In a single pass you can't get the exact answer.

What a bullshit task. I’m beginning to think this kind of interviewing should be banned. Seems to me it’s just an easy escape hatch for the interviewer/hiring manager when they want to discriminate based on prejudice.

If we had time, I'd ask about the worst-case scenario, and see if they could optimize heapsort to heapselect. Good candidates could suggest starting out with selectsort optimistically and switching to heapselect if the number of recursions exceeded some constant times the number of expected recursions.

If they knew about median-of-medians, they could probably just suggest introselect at the start, and move on to another question.

---

Had some "lucky" candidate stumbled upon an optimization you had never seen before, would you recognize it? If so, would you be honest and let them keep their discovery? After all, this isn't work for hire ...

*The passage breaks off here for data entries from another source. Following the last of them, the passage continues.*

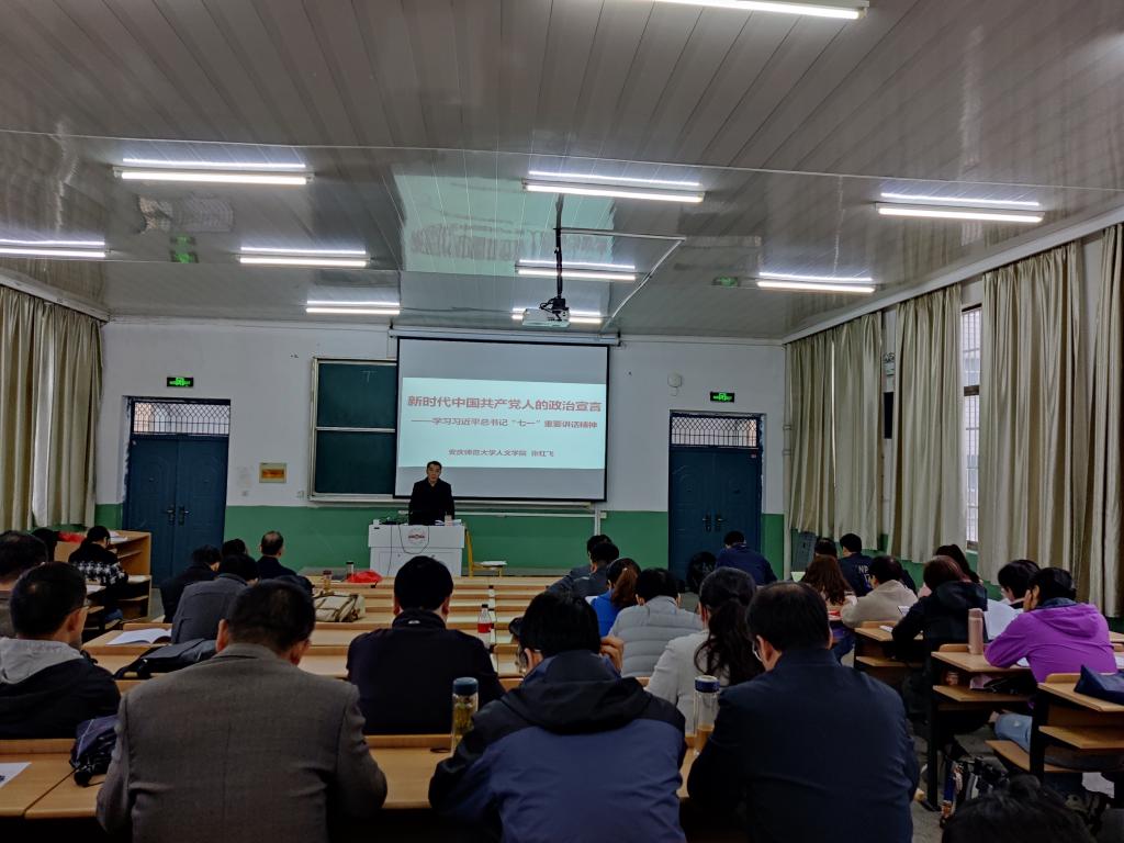 10月21日,WilliamHill中文官网在理化楼三楼阶梯教室举办习近平总书记“七一”重要讲话精神专题宣讲报告会。公司党委书记张红飞在会上作专题报告,公司全体教职工参加会议,会议由党委副书记王波主持。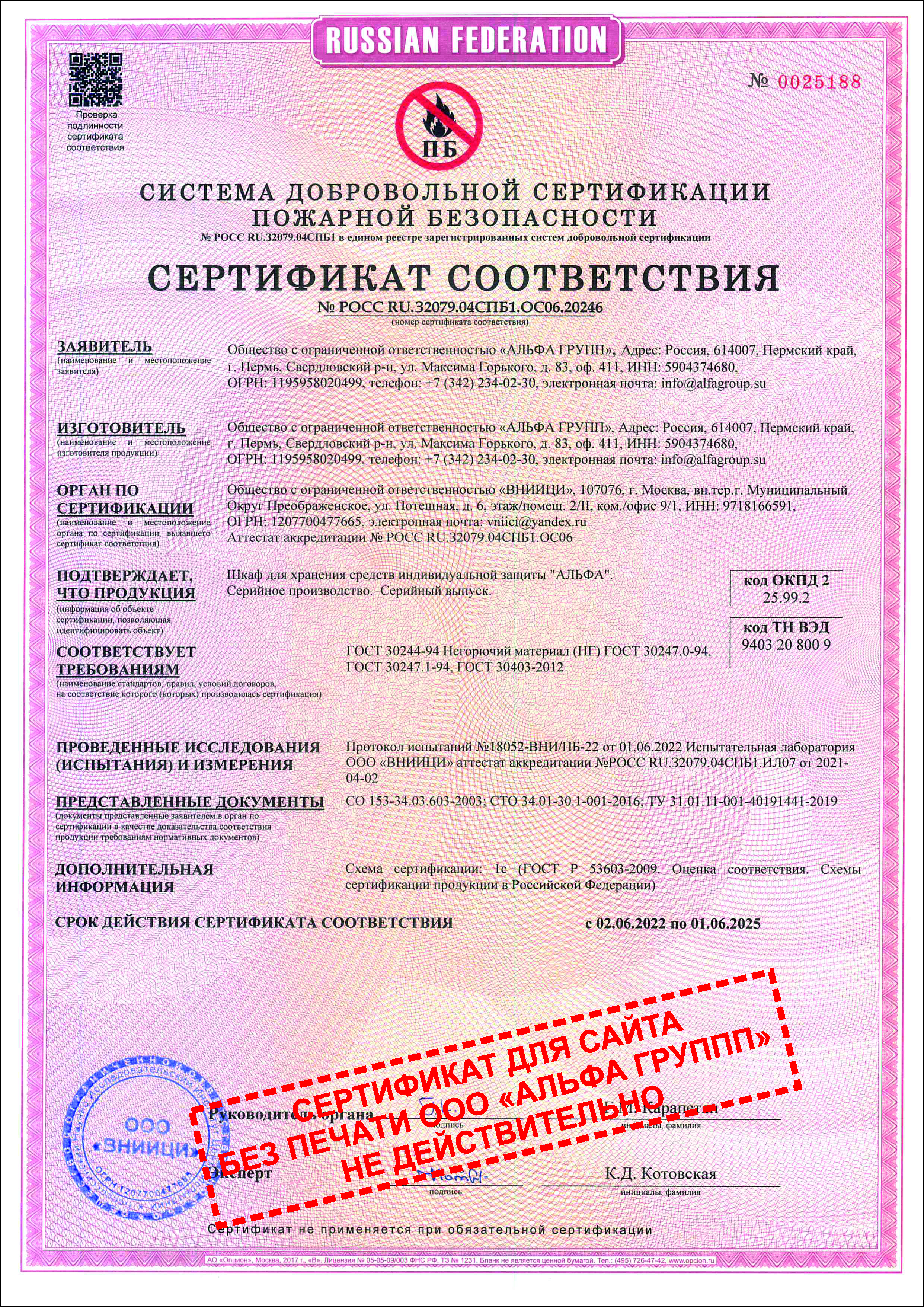 Сертификат ПОЖАРНОЙ безопасности на шкаф АЛЬФА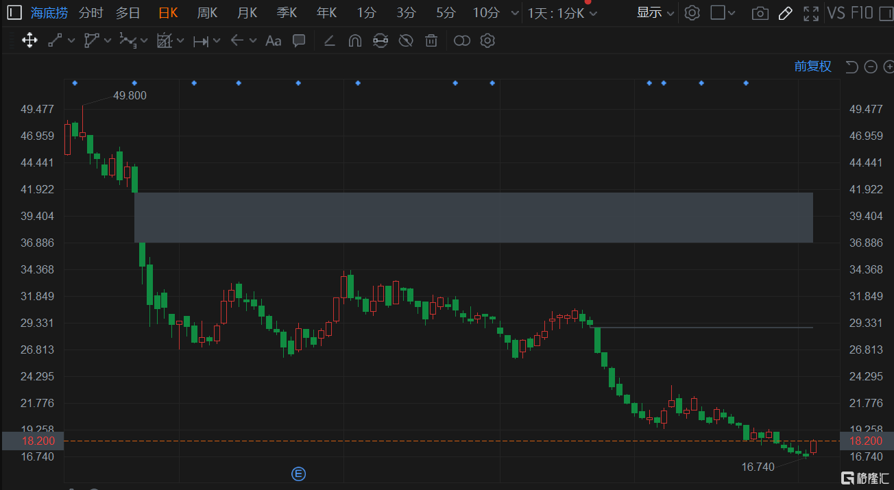 格隆汇12月3日丨昨日创调整新低价的海底捞(6862.HK)反弹逾7%止步5连跌,现报18.18港元,总市值1014亿港元。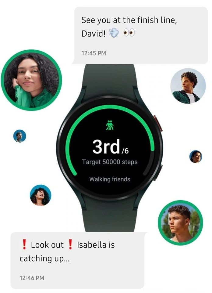 Great smartwatch with a round face and interchangeable bands. It has a 1.4-inch Super AMOLED display and tracks health metrics like heart rate, blood oxygen, and body composition. Supports Bluetooth, Wi-Fi, NFC, and GPS. Has a lightweight aluminum body with 50m water resistance. Runs on Wear OS with Google app integration and has 16GB storage. Battery life is 1.5–2 days.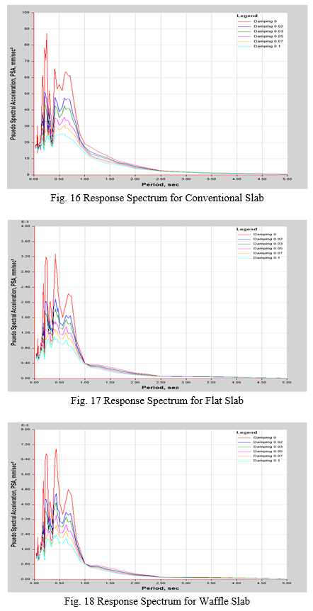 A. The top rebar intensity of the waffle slab is more as compared to the conventional slab and flat slab. B. The modal displacement in the X direction is higher in the flat slab as compared to the conventional and waffle slab. C. The modal displacement in the y-direction is increased in the waffle slab as compared to the Conventional slab and flat slab. D. The story drift in the x-direction is greater in the flat slab as compared to the conventional slab and waffle slab. E. The story drifts in the y-direction is the same in all slabs so that all structures behave in a similar manner. F. The response spectrum for various damping ratios is shown in the above graph in which at damping ratio 0 the graph increases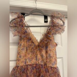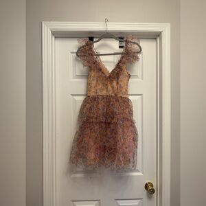 Dixie DX Collection Pink Floral Tiered Tulle Dress Size S Made In Italy NWT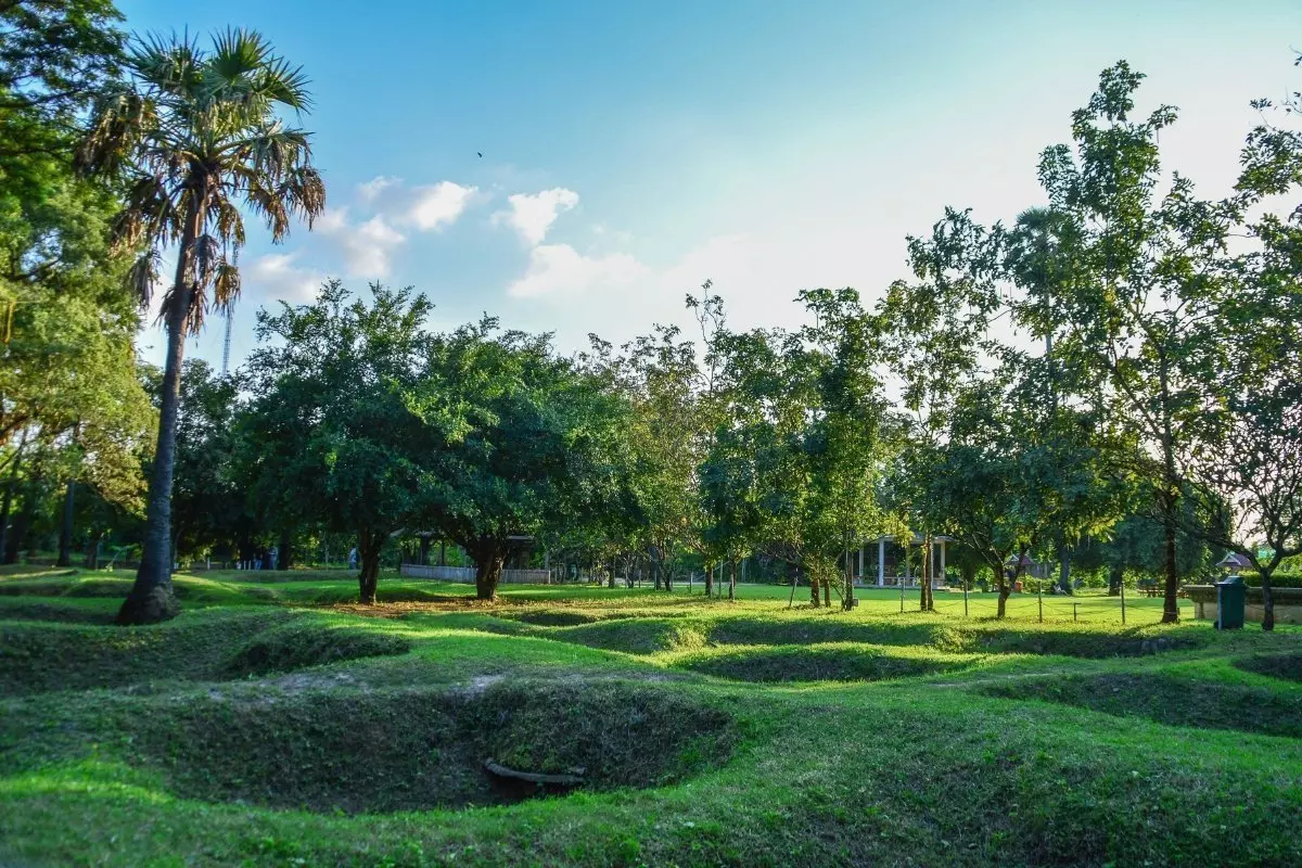 Rauniokaupunkia ja temppeleitä ympäröi vallihauta ja vehreä kasvillisuus. Alueella vallitsee vaikuttavan levollinen tunnelma, ja kävijä voi helposti tuntea kuin astuneensa aivan eri maailmaan.

Moving on. Did these interviews reflect the day-to-day work these software engineers would be performing if they were accepted? I guarantee your business isn't going to recoup millions of dollars because someone, in their day-to-day, hit on an optimation of an existing algorithm. Nor is it likely they'll be discovering wonderful new money-saving algorithms for your business.

If you're a pure research lab, employing PhD candidates and PhDs, maybe this kind of interview does indicate the required skills.

Among other things, I used to work on Google's indexing system, and also high volume risk calculations and market data for a large multinational bank, and now high volume trading signals for a hedge fund.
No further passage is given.